Even though the abortion protesters were not accused of being loud, disruptive or violent, New Jersey’s high court said they may march for only one hour every other week and may come no closer than 100 feet of the home of Dr. Elrick Murray in Westfield, N.J., a suburb of New York City.

The outcome in the New Jersey case is consistent with a series of recent state court rulings, including one last week in California, which have barred protesters from marching or carrying signs near the homes of abortion doctors.

“This is extremely important because it provides some measure of privacy to these physicians in their own homes. They are under siege everywhere else,” said Dara Kassel, an attorney for the Planned Parenthood Federation who represented Murray.

But Scalia, who is both a strong conservative and zealous advocate of free speech, accused his colleagues of treating abortion protesters as a “currently disfavored class.”

In the past, picketing and marching by civil rights protesters, union members or political activists has been protected as a form of free expression, Scalia noted, so long as the marchers did not block the sidewalks or disturb the peace.

The high court’s willingness to uphold restraints on abortion protesters “has damaged the First Amendment more quickly and more severely than I feared,” Scalia wrote.

He referred in particular to a split decision last June in which the Supreme Court upheld a “buffer zone” around an embattled Florida abortion clinic, while also striking down a judge’s order that put a 300-foot, nopicketing zone around the homes of clinic workers.

In a seemingly offhand comment in the case of Madsen vs. Women’s Health Center, Chief Justice William H. Rehnquist added that “a smaller (no-picketing) zone” might be constitutional in residential neighborhoods.

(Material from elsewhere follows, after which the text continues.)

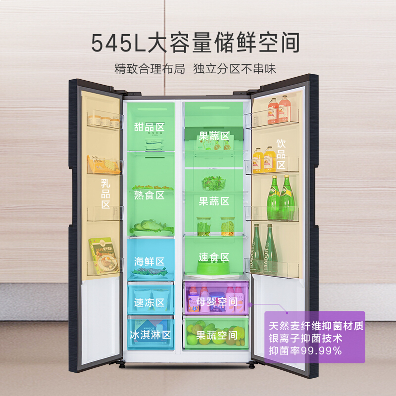 小天鹅 (LittleSwan)545升 母婴系列对开门冰箱 纤薄大容量精细分储一级能效变频风冷电冰箱BCD-545WKPZL(E)

Since then, state courts in North Carolina, Ohio and California have seized on Rehnquist’s comment and upheld broad ordinances or court orders banning picketing in residential areas, say lawyers who have followed the issue.

“There’s a double standard here,” said Richard F. Collier Jr., a New Jersey attorney representing the abortion protesters. “The First Amendment rights of pro-lifers are treated differently than the rights of any class of protesters. If this involved gay rights or animal rights or civil rights, I think they (justices) would have taken this case.”

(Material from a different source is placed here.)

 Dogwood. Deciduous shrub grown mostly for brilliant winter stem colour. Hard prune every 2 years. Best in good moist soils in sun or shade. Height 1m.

The American Civil Liberties Union joined the New Jersey case on the side of the abortion protesters.

“We essentially agree with Justice Scalia. This was a peaceful demonstration in a residential zone, and it did not interfere with a woman’s right to choose,” said Marsha Wenk, legal director for the ACLU in Newark.

The issue of residential picketing is almost certain to return to the high court.

Seven years ago, the justices upheld a Wisconsin city law that barred picketers from gathering directly in front of a doctor’s home, but the case did not spell out how far they could be kept away.

Last week, the California Supreme Court refused to hear a free-speech challenge to a 1993 San Jose ordinance that bans picketing within 300 feet of a residence.